Let $f:F_n\to F_m$ be an epimorphism ($n\geq m$). Then it is true that there is a basis $X=X_1\sqcup X_2$ in $F_n$ such that $f$ maps $\langle X_1\rangle$ isomorphically onto $F_m$, and maps $X_2$ to identity. One can probably deduce this statement from the Grushko-Neumann theorem, but somehow I cannot get an elegant proof of it.
I can see that by the Grushko-Neumann we can assume that $m=1$, and hence our epimorphism factors through the abelianization. And then an ugly linear algebra appears... Any suggestions how to make the proof slick?

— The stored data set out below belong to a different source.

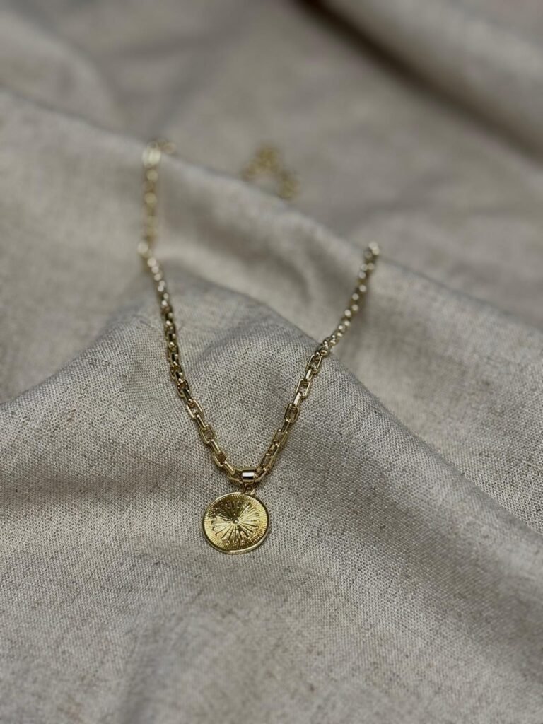 The Soleil Necklace, made from gold filled chain and a gold filled sun pendant. Necklace is $60
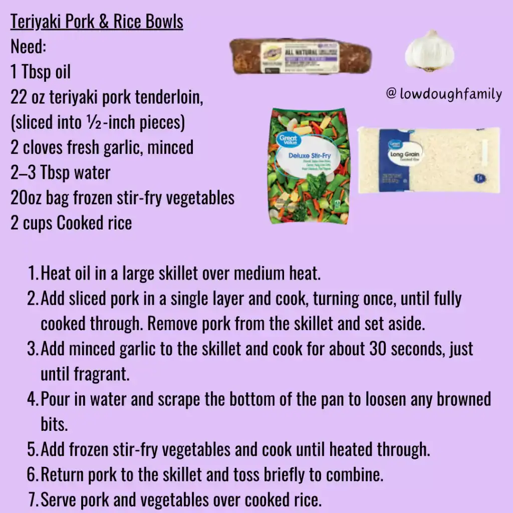 These rice bowls keep things easy with sliced teriyaki pork and stir-fry vegetables cooked together in one pan. If needed, you can swap the veggie blend for frozen broccoli or snap peas, or serve it over noodles instead of rice for a change.
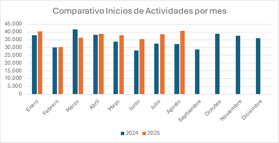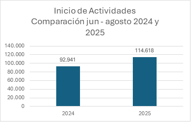 Si se considera solo el segundo semestre de 2024, el inicio de actividades aumentó un 13,8%, respecto del mismo periodo anterior. La mayor alza mensual se registró en octubre, mes de la publicación de la Ley de Cumplimiento de las Obligaciones Tributarias, cuando se hizo el anuncio de esta medida, con un alza del 30,8%.
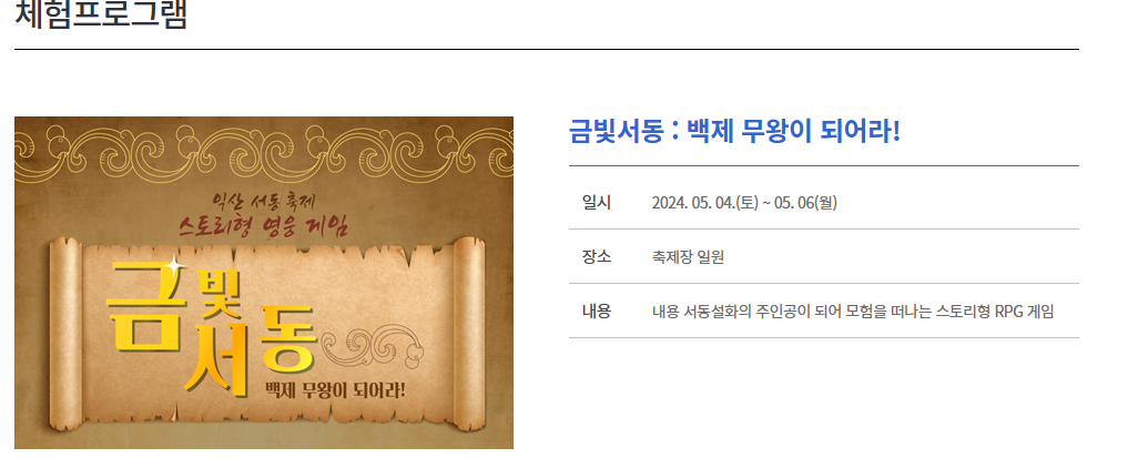 익산 서동축제 다양한 체험 프로그램 안내
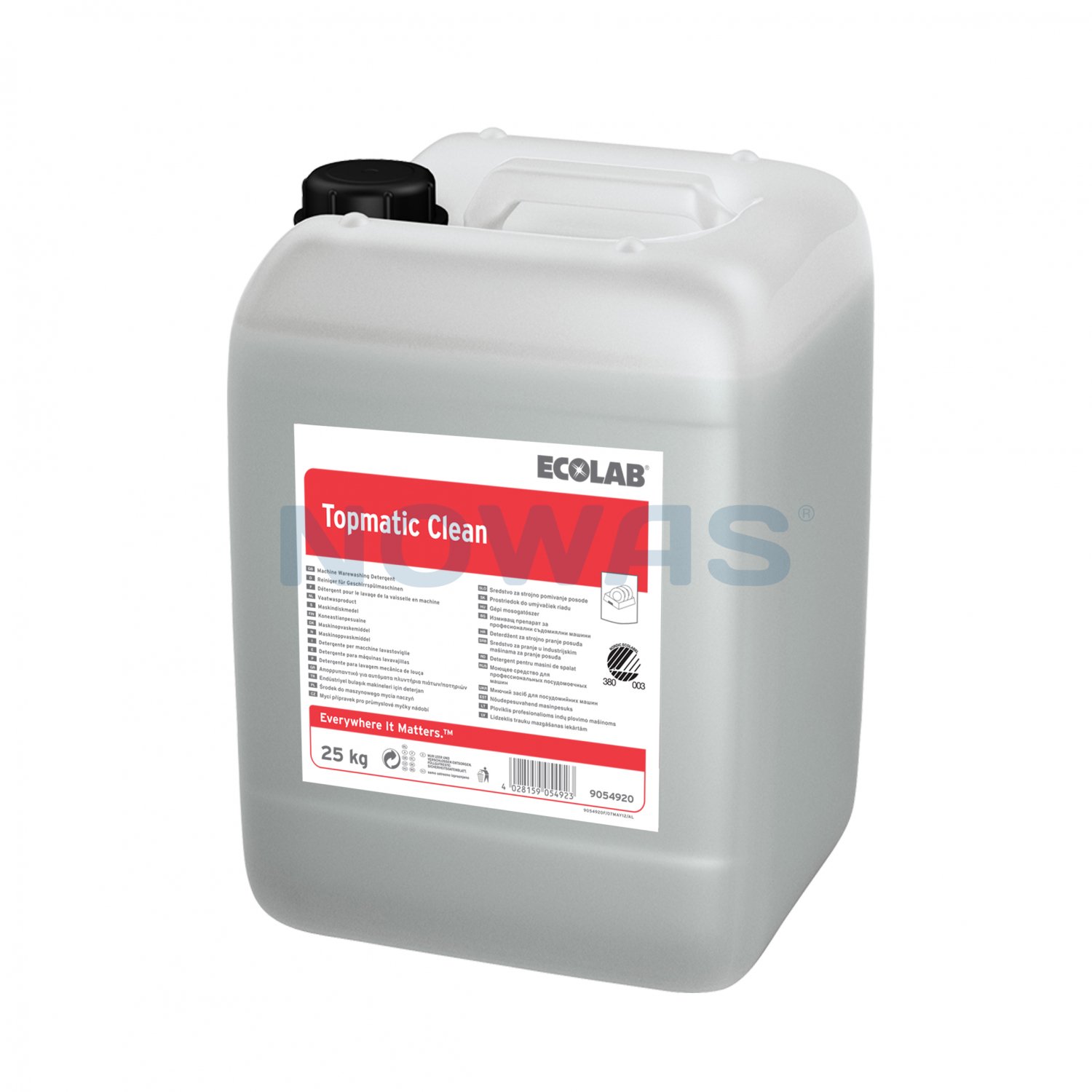 Topmatic Clean är ett hög koncentrerat maskindiskmedel som är speciellt effektiv på stärkelsebeläggningar och te/kaffefläckar. Produkten kan användas i de flesta vattenförhållanden. Baserad på innovativa ingredienser som effektivt tar bort kraftig smuts vilket garanterar ett perfekt diskresultat utan omdisk. Genom dokumenterad effektivitet och maximal miljöanpassning uppfyller Topmatic Clean kriterierna för Nordisk Miljömärknings miljömärke Svanen. Topmatic Clean används tillsammans med Ecolabs slutna doseringsutrustningar för flytande maskindiskmedel.
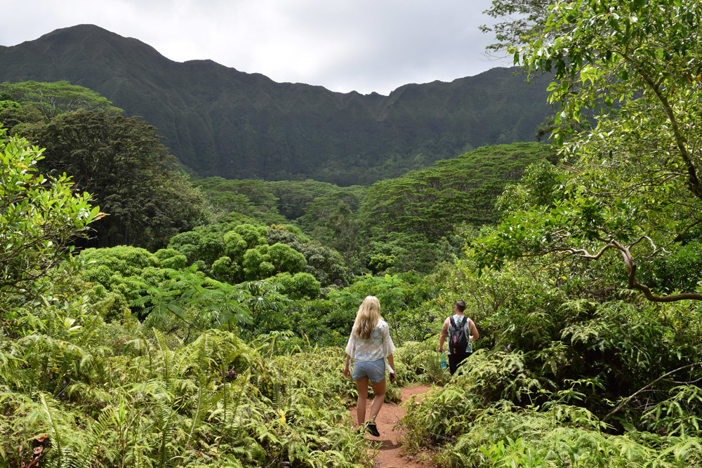 The new hiking route is about 5 miles round-trip and takes about 5-6 hours. The trail is mostly a shaded ridge that descends into and follows a stream, so it can be muddy in some areas. Be sure to wear sturdy shoes and bring plenty of water and snacks. This small waterfall and swimming hole is a local favorite for both residents and visitors alike and is a great place to cool off on a hot Hawaii day.
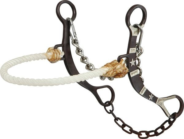 Horse side pull bridles and headstalls make great alternatives for communicating with your horse during training. Side pull headstalls do not have a bit. They work off pressure points on the horse's face. Side pull bridles normally come in leather but can also come in rope varieties. The nosebands are normally rope or leather. Side pull headstalls can come complete or just as a replacement noseband. Side pull hackamores come in cob to oversize.
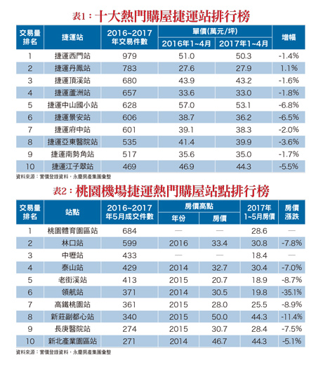 交通建設往往為區域房市帶來助漲行情,然而在房價修正的浪潮下,連過去有票房保證的「捷運宅」,光環都不再,根據永慶房產集團調查,十大熱門交易捷運站的房價都呈微幅跌勢,但為何捷運宅還是民眾買房的熱門選項之一?房仲業認為,捷運宅雖難敵修正命運,但交通的便利,仍吸引通車族「逐捷運而居」,捷運宅仍有一定的魅力。消費者青睞捷運站 十站有九站跌永慶房產集團根據實價登錄資料統計,各捷運站自二○一六年至今(二○一七)年四月間交易量的十大排名,西門站以九七九件居冠,其次則是丹鳳站的七八三件與頂溪站的六八○件。永慶房產集團業管部資深經理謝志傑表示,若以捷運線來看,中和新蘆線就有六站進榜,堪稱最受民眾購屋青睞的捷運線。但就房價表現部分,十大捷運站除了丹鳳站持平外,其餘站點房價均走跌,跌幅在一.四%至六.八%間(表一)。謝志傑表示,捷運已成為台北人不可或缺的大眾運輸工具,民眾購屋時,交通便利與否也是重要考量因素,鄰近捷運站就是一大賣點,加上捷運站周邊商業機能發展成熟、生活機能完善等優點,頗受民眾青睞。不過,在新案破盤搶市的情況下,讓利成風,比價效應發酵,「捷運宅」也難逃跌價浪潮,目前「以價換量」仍是市場主調,這也是十大熱門捷運站價格走跌的主因。房地產開發商指出,在過去,「捷運宅(距捷運站約十分鐘腳程內)」是房價的票房保證,只要是捷運站周邊的建案,預售時,不僅每坪房價都比一般地區的房價來得高,就銷售速度來說,也比較快完銷,但現今的氣圍已不比從前了。捷運機場線生不逢時 房價也回檔造成「捷運宅」從過去的搶手,到如今,隨著房市拉回整理而出現房價下跌的情況,最明顯的還有「捷運機場線」,通車時間可說是「生不逢時」。
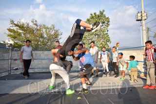 CHILPANCINGO, GUERRERO, 27MAYO2021.- A más de un año, luchadores de Chilpancingo que integran la ‘Promotora Monstruo’ comenzaron a realizar entrenamientos al aire libre y se preparan para realizar su primera función del año, con todas las medidas sanitarias para los asistentes. Los más 15 luchadores que integran este grupo, durante toda la contingencia entrenaron de manera personal, pero indicaron que no es lo mismo porque no pueden practicar rutinas de equipo, ya que solo se hacen ejercicios de manera individual. Rey Nocturno, dijo que “el regresar a practicar con los compañeros es más mejor porque puedes realizar ejercicios que requieran por lo menos una pareja o hasta 3 luchadores más para hacerlos”. Indico que, desde que se anunció el posible anuncio del cambio de semáforo a color verde, sus compañeros lo animaron a armar el ring para poder entrenar y planear una función de regreso. Lo que atrajo la atención de niños que se acercaron a preguntar si podían jugar a ser luchadores, cosa que lo alegro y decido incorporarlos a sus entrenamientos, no sin antes consultar a sus padres sobre si podrían entrenarlos en el arte del pancracio. Ahora han incorporado a los menores a sus entrenamientos. Lo que ha dado pie a crear una pequeña escuela con los menores, incorporándolos a los ejercicios de velocidad, coordinación y resistencia. Kid Dragon dijo que ver a los niños entrenar con ellos es una motivación para los que ya se dedican a este deporte; “verlos querer imitarnos es motivante, aparte nos dicen que cuando sean grandes quieren ser como nosotros y luchar, es un sentimiento bien bonito, es algo que te alienta a seguir haciéndolo”. Este sábado, luego de más de un año de no realizar funciones, realizaran su primera función con medidas sanitarias contra el COVID-19, en el mismo lugar donde practican este deporte, calle 5 de la colonia del PRI, justo a espaldas de la Rectoría de la Universidad Autónoma de Guerrero (UAGro). La funci
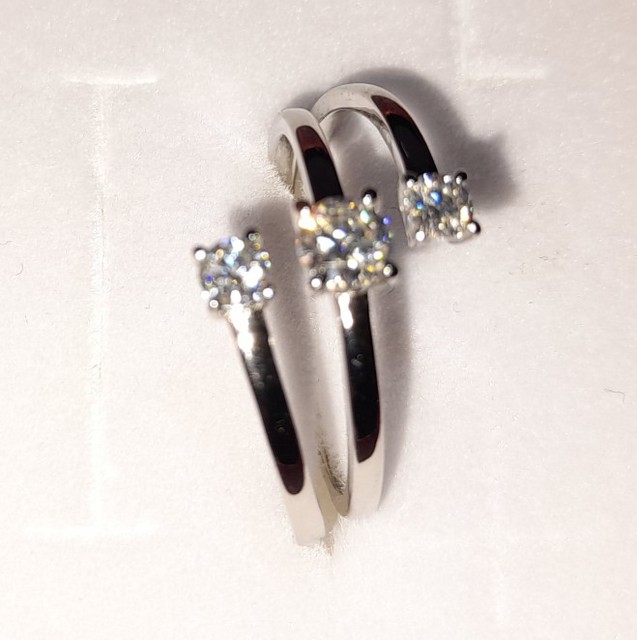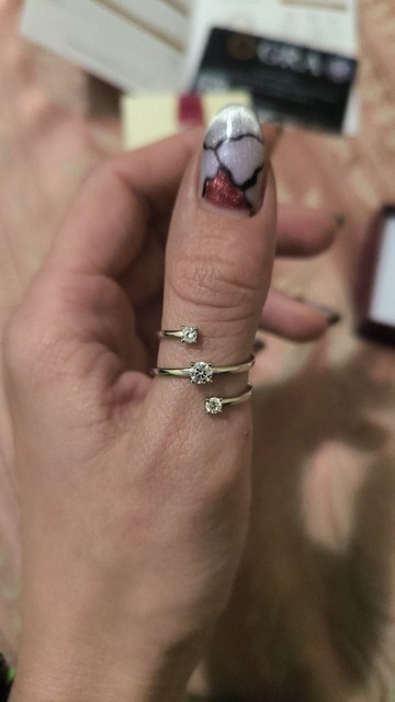 El anillo es precioso, las piedras brillan mucho. Solo se entregó un certificado para la piedra de 0.3 quilates. No hay otros disponibles. El tamaño es ajustable. Se ve bien, pero la falta de certificados es preocupante.

I don't think you need Grushko-Neumann for this, you just need to know about the Nielsen reduction process.
Start with any (ordered) free generating set $Y = \{ y_1, y_2, \ldots, y_n \}$ of $F_n$ and then apply the Nielsen reduction process to the generating sequence $\phi(Y) = (\phi(y_1),\ldots,\phi(y_n))$ of the free group $F_m$. But carry out the reduction operations on $Y$ as well as $\phi(Y)$.
A t the end of the process you will have what you are looking for. The set $X_1$ will be the inverse image under $\phi$ of the resulting free generating set of $\phi(F)$, whereas $X_2$ will map onto the generators that get eliminated during the reduction process as being the identity element of $F_m$.